2.4 Antioxidant Enzyme Activity Assay

A Powerwave XS Microplate spectrophotometer (Bio-Tek Instruments, Inc., USA) was utilized to evaluate the activity of enzymes. Regarding the antioxidant enzyme activity assay, 0.1 g of fresh leaf samples was mixed with 1 ml of cold 50 mM phosphate buffer (pH = 7.8) and centrifuged at 4 °C for 20 min at 12,000 × g. Catalase (CAT) enzyme activity measurement was performed based on H2O2 decomposition rate and reduction of absorbance rate at 240 nm during 3 min. The reaction mixture contained potassium phosphate buffer (50 mM), H2O2 (15 mM), and 100 µL of enzymatic extract. Enzyme activity was expressed as U g−1 FW unit (Aebi 1984). Peroxidase (POD) activity: 1 g of each leaf sample was separately milled in 5 mL of assay buffer. The homogenates were centrifuged at 12,000 × g for 30 min at 4 °C (Zhang 1992). Five milliliters of the assay buffer for the peroxidase activity contained the following: 125 µM of phosphate buffer, 50 µM of pyrogallol, 50 mM of H2O2, pH 6.8, and 1 mL of the 20 times diluted enzyme extract. This was incubated for 5 min at 25 °C, and subsequently, the reaction was stopped by adding 0.5 mL of 5% (v/v) H2SO4. The amount of purpurogallin was determined by measuring the absorbance at 420 nm. In order to evaluate the superoxidase dismutase (SOD) activity rate, 100 µL of enzymatic extract was added to the reaction mixture (contained potassium phosphate buffer 50 mM, methionine 0.013 M, EDTA 0.1 µM, and riboflavin 2 µM) and then, absorbance rates were recorded at 560 nm. Enzyme activity was expressed as U g−1 FW unit (Beauchamp & Fridovich 1971). The extraction and measurement of free proline in leaf tissues were performed according to the acid ninhydrin method described by Bates et al. (1973). Briefly, samples of 100 mg frozen leaves were homogenized with 2 mL of 3% sulphosalicylic acid in a pre-chilled mortar and pestle. The extracts were shaken for 30 min at 750 rpm. The residues were removed by centrifugation at 12,000 × g for 20 min. Supernatants (0.8 mL) were mixed with an equal volume of an acid-ninhydrin reagent (1.25 g ninhydrin, 30 mL of glacial acetic acid, and 20 mL of 2 M orthophosphoric acid) and incubated for 60 min in boiling water. After cooling, the reaction mixture was extracted with 2 mL of toluene, mixed vigorously, and left at room temperature for 20 min until separation of the two phases occurred. The absorbance of the toluene phase was measured at 520 nm using pure toluene as a blank.

2.5 Cell Membrane Damage

The cell membrane leakage was examined by determining electrolyte leakage (EL) according to Lutts et al. (2004). To this end, 0.30 g of fresh leaves were collected, washed three times with distilled water, cut into smaller pieces (length, 1 cm), and transferred to a test tube with distilled water (10 mL). After keeping in room condition for 24 h, primary EL (EL1) was obtained by using an electrical conductivity meter (Inobl, Japan). Then, the samples were incubated at 121 °C for 15 min. Afterward, the solution was cooled at the room condition, the electrical conductivity of which was assessed (EL2). Finally, the rate of cell membrane damage was evaluated by dividing EL1 by EL2 and expressed as EL%.

2.6 SPAD Measurements

The number of 10 leaves of each plant with different ages and colors was randomly chosen to determine leaf chlorophyll content under diffuse lighting (Xiong et al. 2015). Each leaf measurement averaged 5–10 readings using a chlorophyll meter SPAD-502 (Minolta, Japan) (Uddling et al. 2007).

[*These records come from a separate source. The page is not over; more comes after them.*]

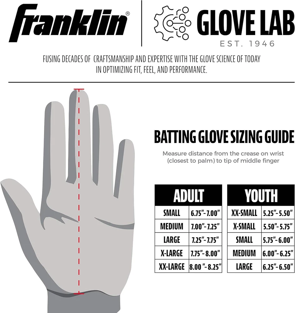 Store New Arrivals Add to Favorite View Feedback Contact MLB Digitek Batting Gloves – Adult and Youth Batting Glove – Tri-Curve Technology Fit – Genuine Leather Heel Patch – Etched Microfiber – Batting Gloves for Kids and Adults Description Sport Type Baseball Glove Type Batting Item Package Quantity 1 Package Quantity 1 Color White/Red/Navy Item Weight 0.05 Pounds Material Leather Material Type Leather Sport Baseball Global Trade Identification Number 00025725466924 Size Adult X-Large Product Care Instructions Hand Wash Only Age Range (Description) Adult Age Range Description Adult Closure Type Hook and Loop Additional Features Flexible Special Feature Flexible Style Name Digitek Adult League Name Major League Baseball OFFICIAL BATTING GLOVE OF THE MLB: Confidently step up to the plate with the Franklin Sports Digitek Batting Gloves. Our flexible, sturdy, multi-functional gloves offer an athletic feel, fit, and look with a patch of camo print for style. LEATHER HEEL PATCH: Our MLB Digitek Series features a top-grade genuine leather heel patch to cushion the hand while batting. Its durable stitching means it will last through endless innings. MICROFIBER MATERIAL: The durable palm provides a superior grip, giving your young MVPs a grasp on the bat that's sure to deliver results. The palm grips are tear-resistant and maintain their gripping ability over time. PERFECT FIT: Our Tri-Curve technology allows these gloves to maintain their shape while flexibly hugging the hand, providing the perfect snug fit. Our wide variety of available sizes means that you’re sure to find the ideal fit for your player. CUSTOMIZABLE COLORS: The Digitek Batting Gloves stand out from the crowd thanks to a small patch of camo design on the side of each glove. Multiple color options let you make your personality known out on the field. Whether it’s batting practice or the playoffs, your baseball player needs a solid set of gloves that can handle everything the game throws at them without bulkiness. Franklin’s MLB Digitek Batting Glove is a flexible, multi-functional batting glove with an athletic fit, feel, and look. It’s the ideal adult and youth batting glove, providing protection and a state-of-the-art grip. With multiple sizes available, you can find the ideal fit for your MVP. When it comes to batting, gloves are crucial to prevent sweaty hands from losing their grip on the bat. We’ve designed the Digitek Series with a digitally etched synthetic palm for a superior grip that lets you feel every swing and connection with the ball. The durability of genuine leather connects with the digitally etched synthetic palm for a hybrid construction that gives you targeted strength and sensitivity exactly where you need it for peak performance. Our tri-curve technology provides a perfect fit that molds to your hand. Each pair of Franklin Adult and Youth Batting Gloves fits snugly against the skin, so the hands can still flex and feel as perfectly as if they were bare. Most importantly, you get top-notch flexibility that keeps your grip on the bat firm. Multiple color options let you assert your personality, and a touch of camo print on the side of each glove adds a bit of flair. Our wide variety of sizes allows you to find the perfect fit, making the Digitek Series the ideal choice for young, constantly growing ball players. With Franklin batting gloves, adolescents are ready for their moment at the plate. Each set of Franklin Sports Digitek Batting Gloves comes with a quality-sewn pair in the size and color of your choice. ABOUT US We offer the best prices around on high quality products. Our E-store includes media such as books, movies, music and games while offering electronics, toys, sporting apparel, clothing, tools, general home, garden items and more. SHIPPING We are always working hard to ensure your package arrives as soon as possible. Please understand that some factors like weather, high postal traffic, and the performance of shipping companies are outside of our control. We offer free shipping to the lower 48 states and ship within 2 business days of payment, usually sooner. We do not accept P.O. Boxes. Please provide a physical address. For shipping outside of the continental USA, we only use eBay's Global Shipping Program.The item is shipped to KY and then sent to the rest of the world. International customers are responsible for all duties and taxes. Continue to check out in order to calculate costs for shipping the item to your country. Messages regarding eBay's Global Shipping Program MUST be directed at eBay EXCLUSIVELY. RETURNS We offer a 30-Day Return Policy on items which you are not completely satisfied with. You have the option for a full-refund or an exchange of the item. No returns are available on items shipped outside of the USA. PAYMENT We accept PayPal. CONTACT US This page content is yet to come Please ad us to your favorite seller and visit again later Thank You CUSTOMER SATISFACTION We try our very best to make sure every customer is completely satisfied. If there's a problem, message us! We're happy to help. WE ACCEPT Copyright © 2021 AutoDS. | All Rights Reserved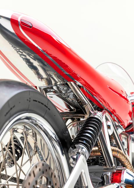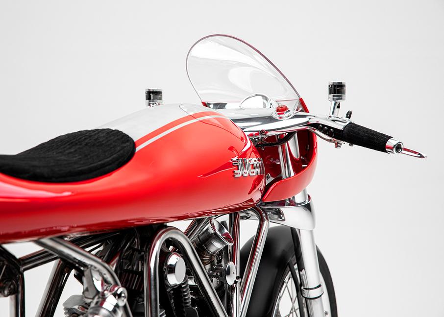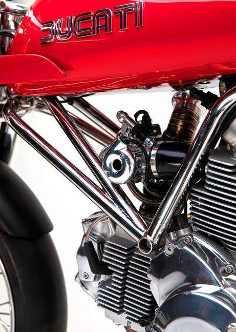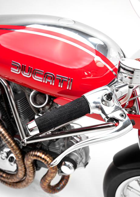 Кастомная электросеть мотоцикла с твердотельным блоком управления включает беспроводной замок зажигания и аккуратно спрятанные поворотники от Supernova. Окраска состоит из семи слоёв Ducati Red, а на циферблате кастомной приборки красуется имя мотоцикла.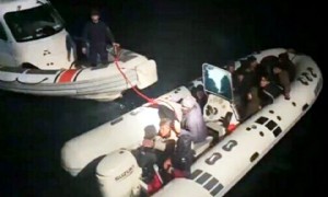 MUĞLA'nın Bodrum ilçesi açıklarında, lastik bot içinde 13 kaçak göçmen ile 1 organizatör yakalandı.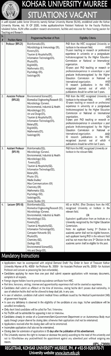 Kohsar University Murree Jobs, Teaching/Faculty Positions August 2021
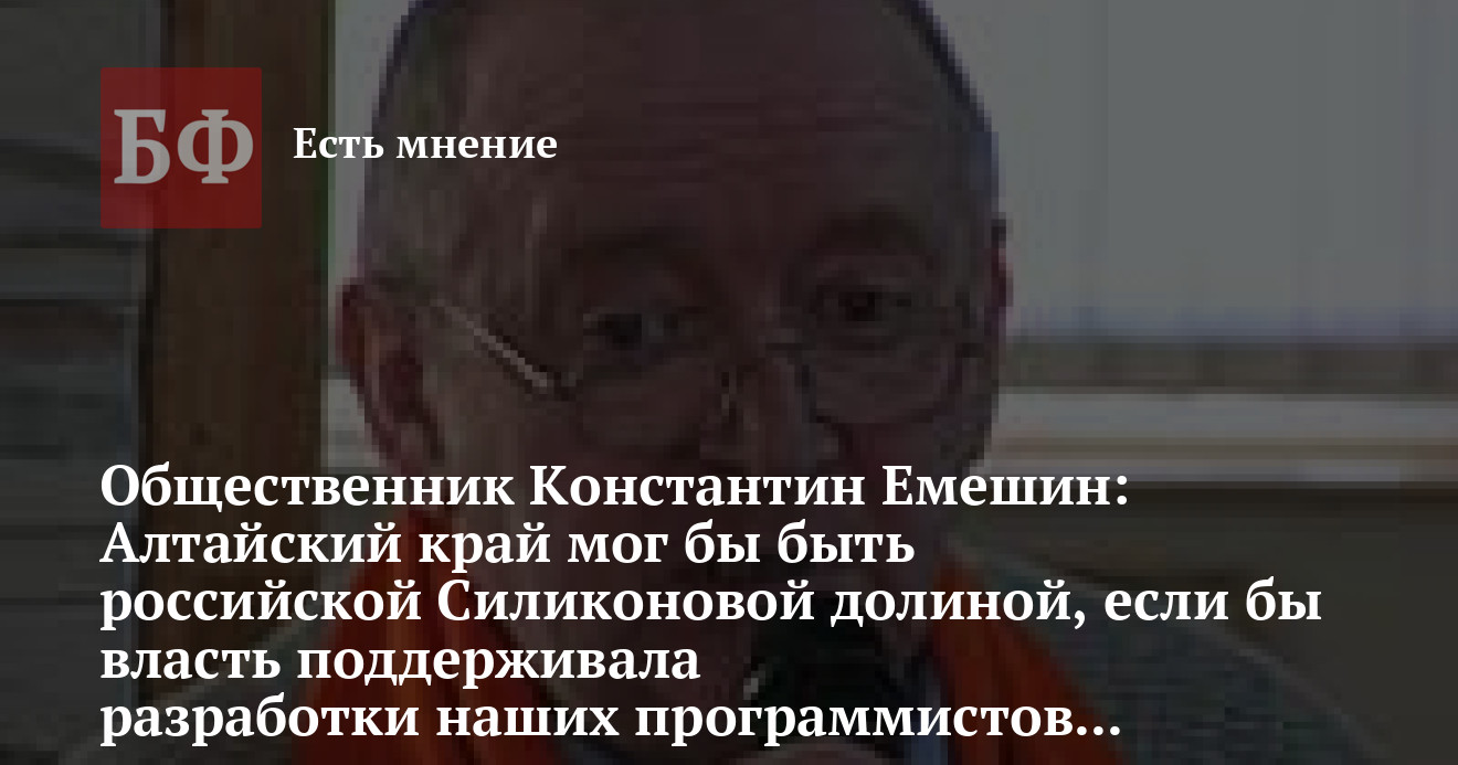 Общественник Константин Емешин: Алтайский край мог бы быть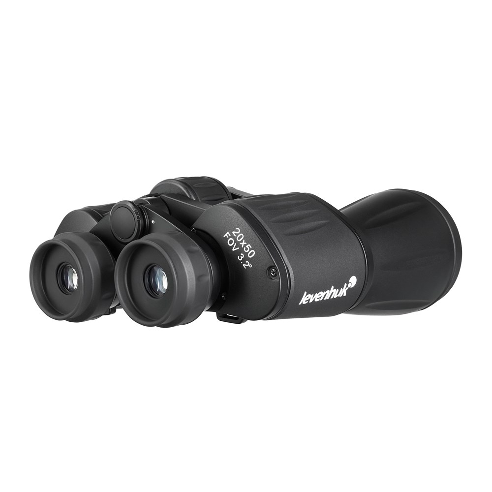 Бинокль Levenhuk New Atom 20x50 с призмами Порро отличается высокой кратностью 20x. Горная охота, наблюдение за звездами или дикой природой – далеко не полный список задач, в которых модель проявит себя наилучшим образом. Диаметр объективов равен 50 мм, оптика сделана из стекла BK-7 и полностью покрыта просветляющим слоем. Бинокль формирует яркую и контрастную картинку с хорошей прорисовкой деталей. Стоит иметь в виду, что высокая кратность заметно сказывается на ширине угла обзора и поля зрения. Так, на дистанции 1000 м поле зрения составляет 56 м. При этом фокусировка возможна от 11 м – большим барабаном с рельефной поверхностью, что в центре конструкции, который благодаря плавному ходу делает отслеживание объектов оперативным и удобным. Настройка межзрачкового расстояния в пределах 56–72 позволит каждому выбрать удобное положение окуляров. Также есть регулировка диоптрий (±3 D). Известно, что в биноклях с большой кратностью изображение может быть нестабильным – сказывается естественное дрожание рук, поэтому может оказаться полезной установка на штатив, для чего есть резьба под адаптер (в комплект не входит). Корпус бинокля из алюминиевого сплава прочен и довольно легок, его поверхность покрыта резиновым слоем, что придает прибору практичность. От непогоды предусмотрена защита уровня IPX3, которая справляется со снегом и дождем. В заключение стоит упомянуть комплектацию: помимо бинокля в нее включены такие аксессуары, как ремешок, защитные крышки оптики, салфетка из микрофибры и тканевый чехол.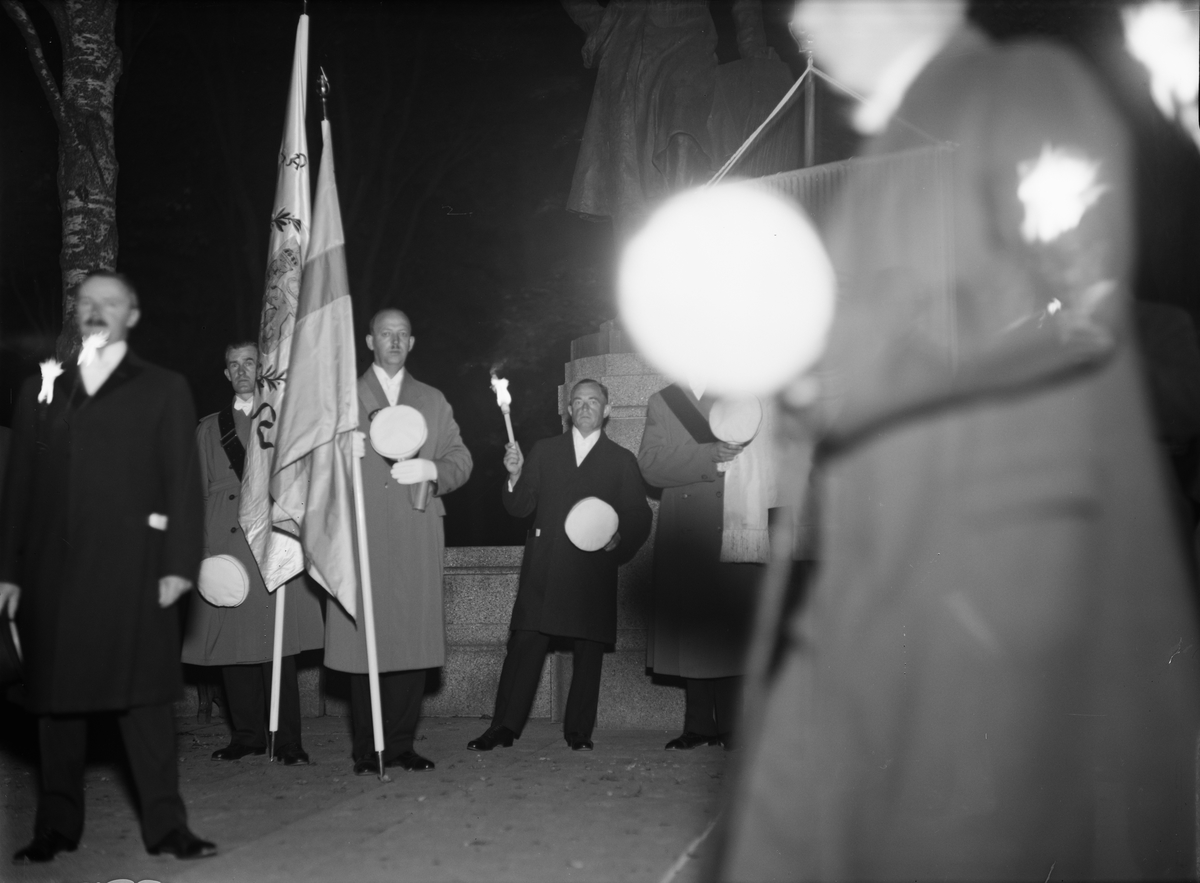Landshövding Sigfrid Linnér hyllar Gunnar Wennerberg när Upplands Sångarförbund firade 25-årsjubileum, Slottsbacken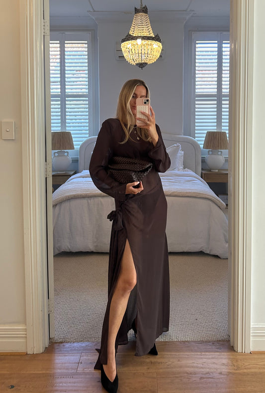The By Nicola Elodie Maxi Dress in Chocolate is a new style to Coco & Lola.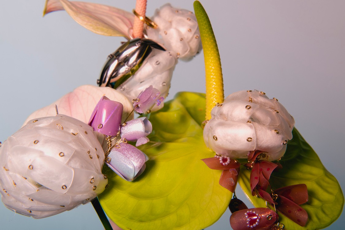 Contemporary jewellery materials are diverse. In a recent project, I experimented with using nail film in jewellery. Originally designed to attract male attention, nail art is often seen as a necessary adornment for public appearances. I view social anxiety as a protective shell, akin to a cocoon. Within each cocoon, one can create their own unique beauty without fear of judgement. I attempted to create a clean and soft cocoon shape using nail materials, utilising contrasting colours and textures to express each individual’s unique personality and potential. My aim is to inspire those who are hesitant to express themselves in social situations.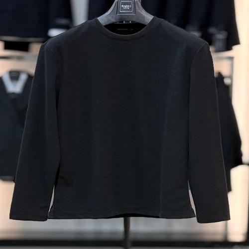 [바쏘옴므]바쏘옴므 블랙 면 혼방 텍스처드 긴팔 라운드 티셔츠 A5KR09A BK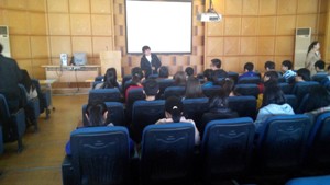 见面会的第一项是由郭倩君老师为同学们简单阐述学院此举的背景和意义,并将各位班主任介绍给同学们。各班同学纷纷以热烈的掌声欢迎他们的到来。接下来,三位班主任与同学们分别做了自我介绍,加深了互相的认识。之后,班主任们耐心解答了同学们心中有关学习方法、就业去向等各个方面的疑惑并鼓励同学们为自己的梦想不懈努力。他们以平易近人的态度与同学们相处,教室内洋溢着活跃而又和谐的氛围。最后,各位班主任均表示日后会与同学们一起参加各类活动,在活动中给予同学们必需的建议和忠告。下午4点,见面会正式结束。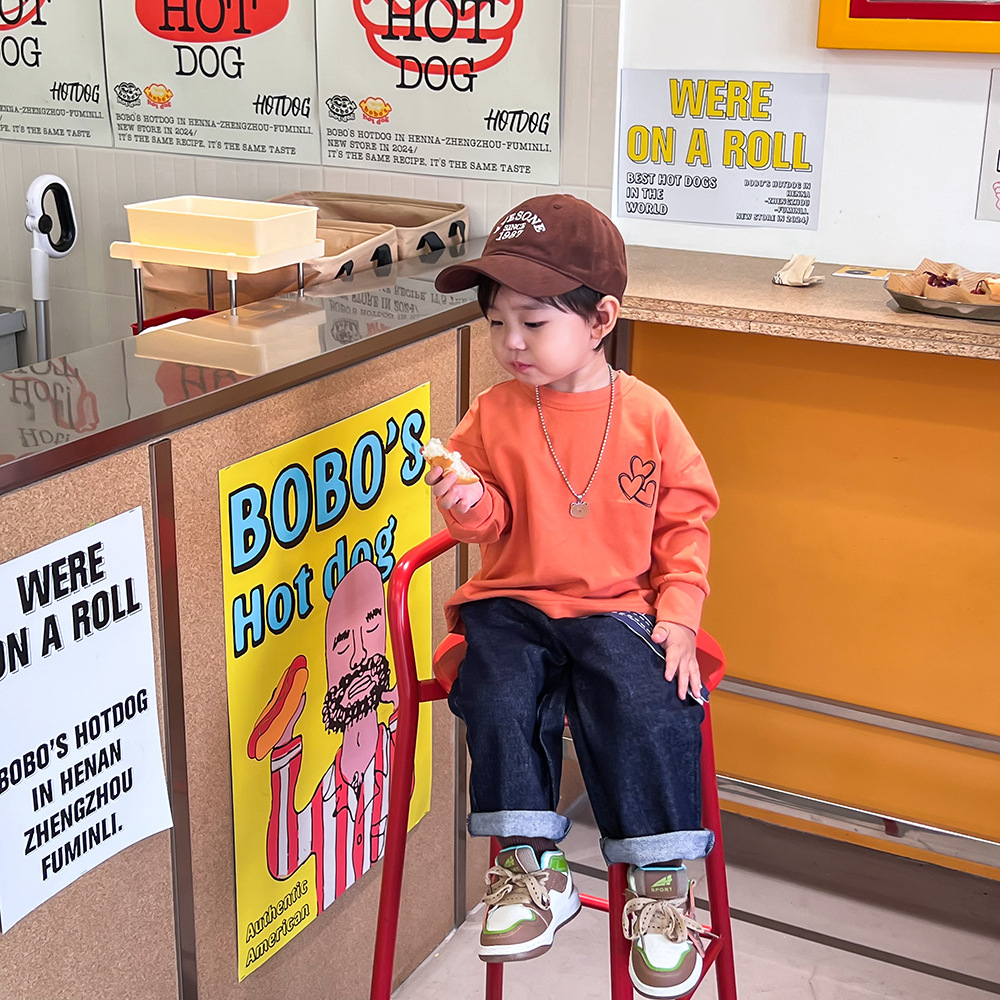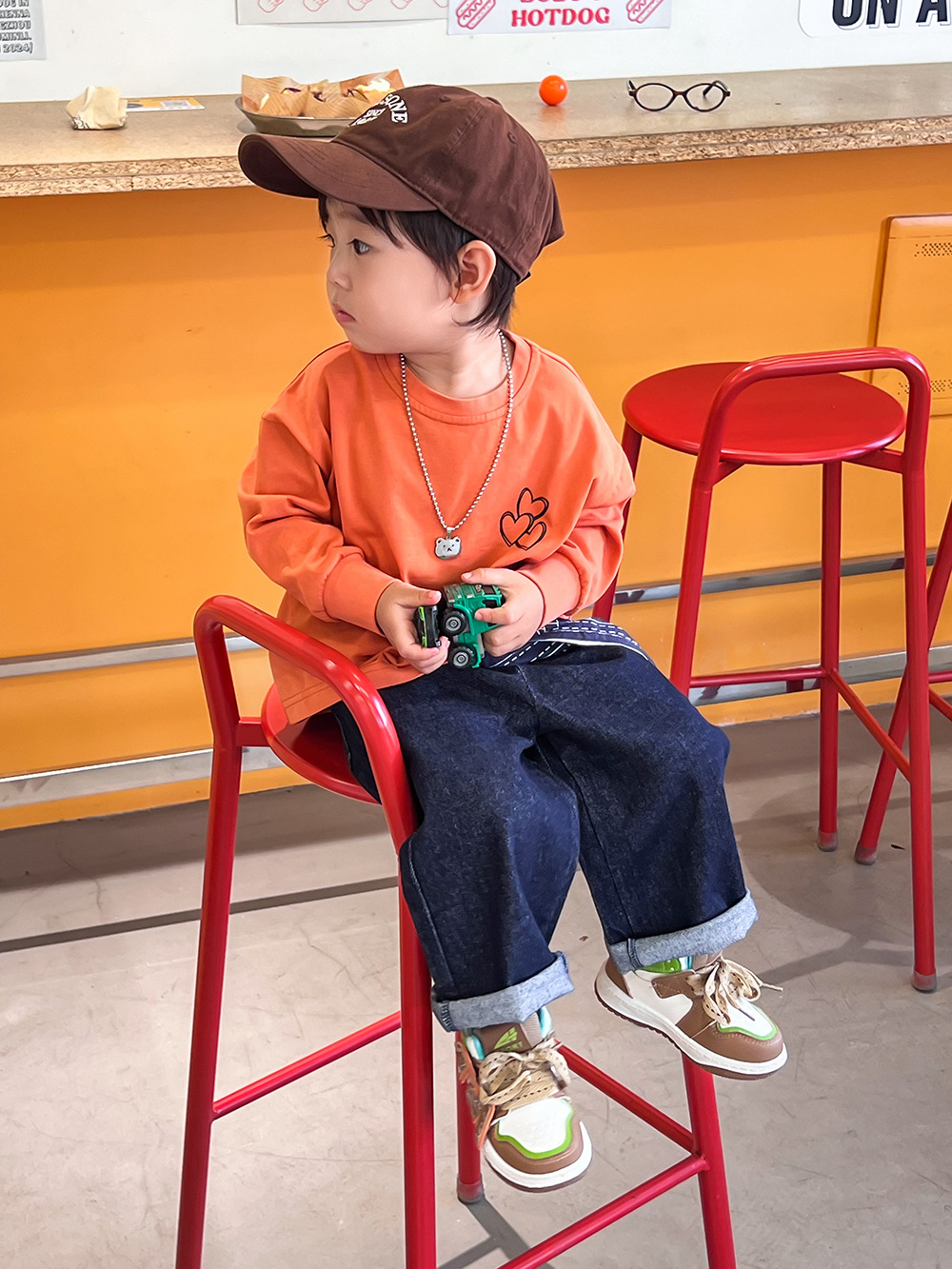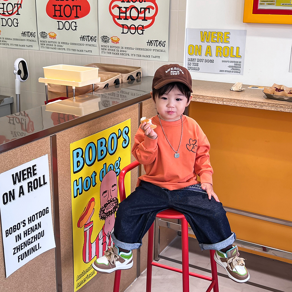봄 어린이 청바지 간단한 한국 스타일 소년과 소녀 액티브 데님 바지 아기 느슨한 스트레이트 캐주얼 바지스토어 가기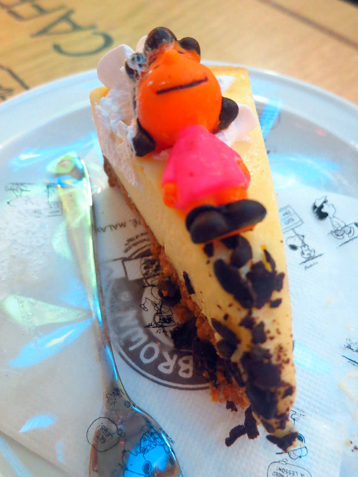 We stuck to sweets for this visit, ordering treats _ like this Lucy-adorned New York Cheesecake _ topped with chocolate miniatures & hand-made artwork of Charles Schulz's characters.

2.7 Essential Oil Extraction and Analysis

To extract the essential oil, about 30 g of dried flowers and leaves were finely chopped and heated in a Clevenger apparatus for 3.5 h, according to the British Pharmacopoeia (1993). The obtained essential oil was dehydrated with dry sodium sulfate, weighed carefully, and stored in a refrigerator (4 °C) until analysis. The amount of essential oil was calculated based on the weight obtained from 100 g of the plant samples (w/w). Then, gas chromatography coupled with mass spectrometry (GC–MS) was applied to identify the essential oil constituents quantitatively and qualitatively. The essential oil was analyzed using an Agilent 7890A gas chromatograph (Agilent Technology, USA) coupled to a mass spectrometer equipped with an HP-5MS column (length, 30 m; internal diameter, 0.25 mm; and thin layer thickness, 0.25 µm). Further, oven temperature increased from 50 to 250 °C at a rate of 4 °C/min and was kept at 250 °C for 10 min. Helium carrier gas with a flow rate of 1 mm/min was utilized, and the ionization energy and ionization source temperature were 70 eV and 270 °C, respectively. Finally, the GC-FID and GC–MS analyses were performed based on the equipment and approach of Hadian et al. (2014) to quantify the carvacrol content of the essential oils.

2.8 Statistical Analysis

Regarding the experimental data analysis, the normality of the data was first checked in Minitab 16 software. Then, the data were subjected to the ANOVA using R 4.0.4 software (https://www.r-project.org), followed by utilizing the least significant difference (LSD) test to compare the means. All diagrams were drawn by using Origin 2021 software.

3 Results

3.1 Agro-Morphological Characteristics

The results suggested decreased morphological and functional properties after salt stress. An increase in the stress level led to a further reduction in the traits so that their minimum was observed in the salinity of 8 ds/m (Table 2). In addition, the use of biochar, especially 3%, significantly improved the morphological and functional characteristics (Table 2). The results of ANOVA revealed the significant interaction effect of biochar amendment and salt stress on the plant height, shoot fresh weight, leaf length and width, as well as the dry weight of the flower, leaf, and shoot, and the number of main and side branches (P < 0.01) As shown in Table 2, the plant height is maximized (63.66 cm) following the B3S0 treatment (3% biochar + 0 ds/m salinity). In comparison, the lowest height (34.00 cm) is related to the exposure to the salinity of 8 ds/m without biochar (B0S3). The plant height increased sharply with increasing levels of biochar 3% treatments, which significantly increased by 18.70% compared with the control. In addition, applying salt reduced the plant height by 41.98% compared to the control.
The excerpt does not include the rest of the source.